Juli Zehs „Gebrauchsanweisung für Pferde“ ist ein fundiertes Sachbuch, das über weite Strecken auch den Lesern und Leserinnen Spaß macht, die in ihrem Leben noch keine Hufe ausgekratzt haben. Das liegt daran, dass Juli Zeh zugleich unterhalten und analysieren kann. Man lernt, was ein „TT“ ist – ein „Turniertrottel“, der Frauen die Ausrüstung hinterherträgt. Oder welche Farben es bei Pferden gibt und wo auf dem Pferderücken die Kruppe liegt. Wichtige Lektion: Pferdemädchen sind nicht zimperlich. „Gerade am Anfang fällt man häufig runter. Das ist gewiss nichts für Heulsusen.“
Das Buch ist auch „Pferdisch für Anfänger“. Es erzählt viel über Menschen, die Tiere und das Schreiben. Was einen nicht interessiert, kann man überblättern. Dann verpasst man aber vielleicht Pferdephilosophie, etwa, darüber nachzudenken, wie sich Pferde und Menschen unterscheiden – im Leben im Hier und Jetzt. „Anders als bei vielen Menschen kreist bei ihnen kein unkontrolliert ratternder Verstand ständig ums Hätte-Wäre-Würde.“
Getrödelt wird nicht
Zehs Pensum ist fast einschüchternd. Die Volljuristin und promovierte Völkerrechtlerin hat nach dem Bestseller „Unterleuten“ von 2016 bis heute gleich zwei weitere Romane veröffentlicht. Gerade wurde die 44-Jährige zur ehrenamtlichen Richterin am Verfassungsgericht des Landes Brandenburg gewählt. Und sie ist ausgebildete Pferdeverhaltenstherapeutin. Sie könnte also auch mit Pferden Geld verdienen.

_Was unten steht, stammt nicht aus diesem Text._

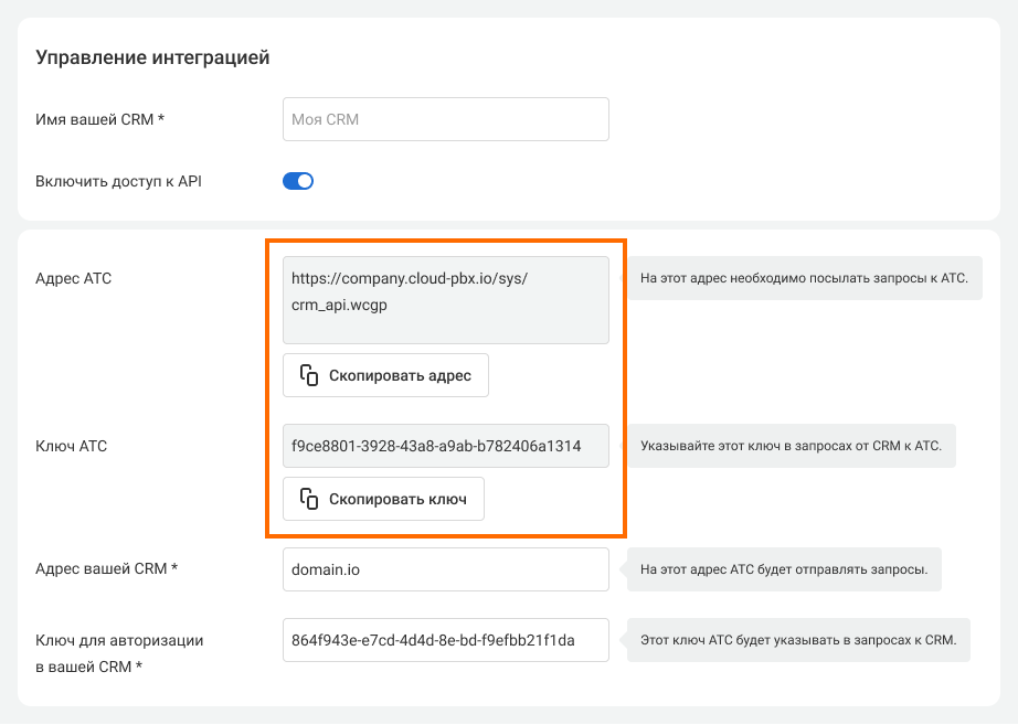 5. Введите скопированные данные в поля “Ключ для авторизации в вашей CRM“ и “Адрес вашей CRM“ в Виртуальной АТС. Нажмите «Сохранить».
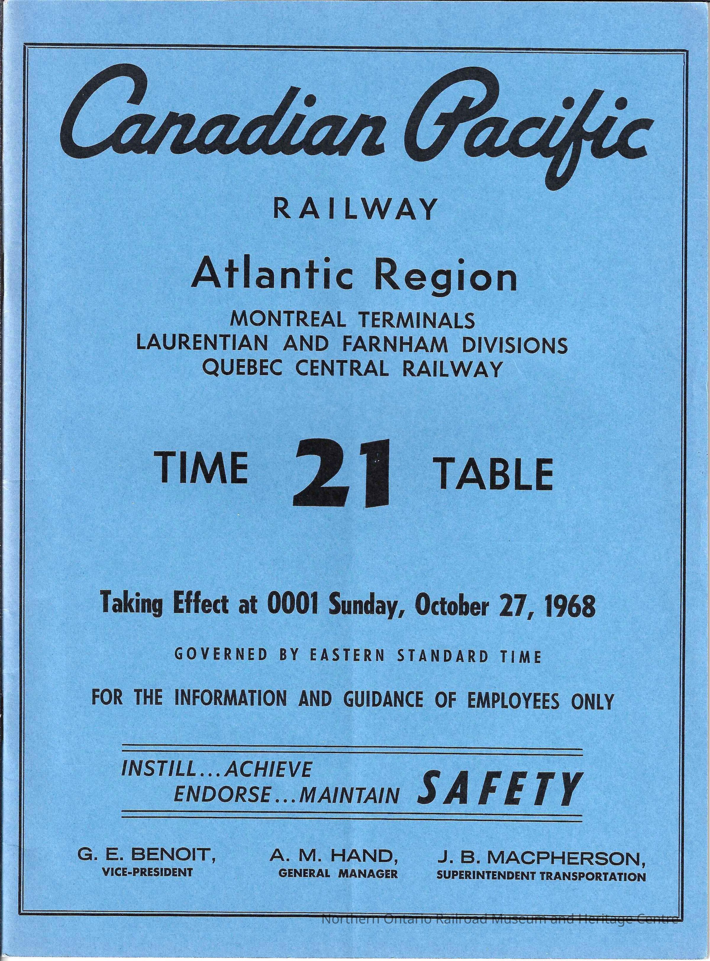 Canadian Pacific Railway - Atlantic Region - Montreal Division Time Table 21Entry/Object ID

Wie macht Juli Zeh das bloß alles? Zwei Antworten finden sich im Buch: Sie sitzt in ihrem Haus im Havelland schon früh zwei Stunden am Laptop, wenn ihr Mann und die Kinder noch schlafen. Trödeln im Internet mit Mails oder Facebook hat sie sich abgewöhnt. Halterin von gleich drei Pferden (Neo, Kasimir und Pony) zu sein, das verlangt Disziplin.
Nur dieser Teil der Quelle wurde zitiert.